Granulomatous skin diseases comprise a diverse group of cutaneous disorders that share the common histopathological feature of granulomatous inflammation. Granulomas are organized collections of activated macrophages that have transformed into specialized cells called epithelioid cells, often accompanied by multinucleated giant cells (formed by fusion of epithelioid cells), surrounded by T-lymphocytes, and may contain varying degrees of necrosis or palisading patterns. This inflammatory pattern develops in response to persistent antigenic stimulation that the body cannot clear with conventional acute inflammation, including infectious organisms, foreign materials, and as a manifestation of autoimmune or idiopathic inflammatory disorders. Recognition and proper classification of granulomatous skin diseases is essential because treatment depends entirely on identifying the underlying cause — antimicrobial therapy for infections versus immunomodulatory treatment for non-infectious causes.

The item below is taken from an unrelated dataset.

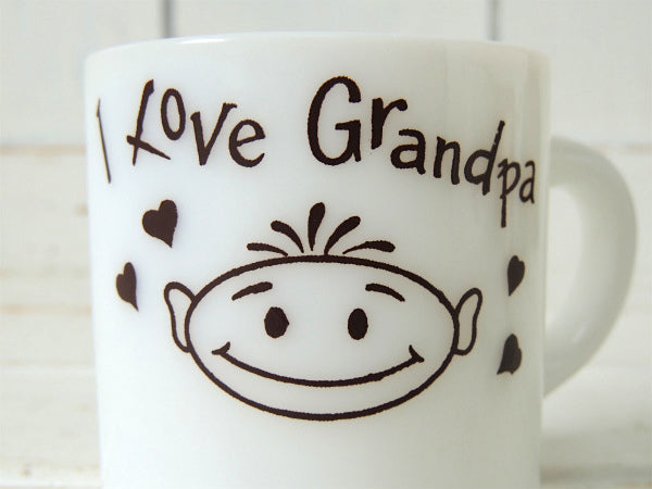 白いミルクガラスベースに、スマイルフェイス&ハートマーク&【I Love Grandpa(おじいちゃん愛してる)】のブラウン色の文字プリントが入っています。

Pathogenesis and granuloma formation: 1) Granulomas develop when antigen persists despite acute inflammatory response — typical antigens include poorly degradable mycobacterial cell wall components, fungal cell walls, foreign materials, autoantigens, or unidentified triggers; 2) Initial response involves macrophage activation by interferon-gamma and other Th1 cytokines from antigen-presenting cell processing; 3) Macrophages transform into epithelioid cells with abundant cytoplasm and indistinct cell borders, similar to epithelial cells; 4) Multinucleated giant cells form by fusion of multiple epithelioid cells — Langhans giant cells (nuclei arranged peripherally in horseshoe pattern, classic in tuberculosis and sarcoidosis), foreign body giant cells (nuclei scattered throughout cytoplasm), Touton giant cells (nuclei in central wreath surrounded by foamy cytoplasm, in xanthogranulomas), Wegener-type giant cells; 5) T-lymphocytes (CD4+ Th1 type) form a cuff around the granuloma, providing cytokine support including interferon-gamma, IL-2, TNF-alpha, IL-12; 6) Macrophages may also fuse with epithelioid cells; 7) Granulomas may evolve to: caseating necrosis (central liquefactive necrosis with cheese-like appearance, classic for tuberculosis), palisading pattern (histiocytes arranged radially around central degenerated collagen or necrobiosis, characteristic of granuloma annulare and necrobiosis lipoidica), suppurative (with central neutrophilic infiltrate, characteristic of deep fungal and atypical mycobacterial infections), foreign body type (with engulfed material visible, sometimes polarizable under polarized light); 8) Cytokine network includes TNF-alpha (essential for granuloma maintenance — explains worsening of granulomatous diseases with TNF blockers, particularly tuberculosis reactivation), IFN-gamma, IL-12, IL-18, IL-1, IL-6.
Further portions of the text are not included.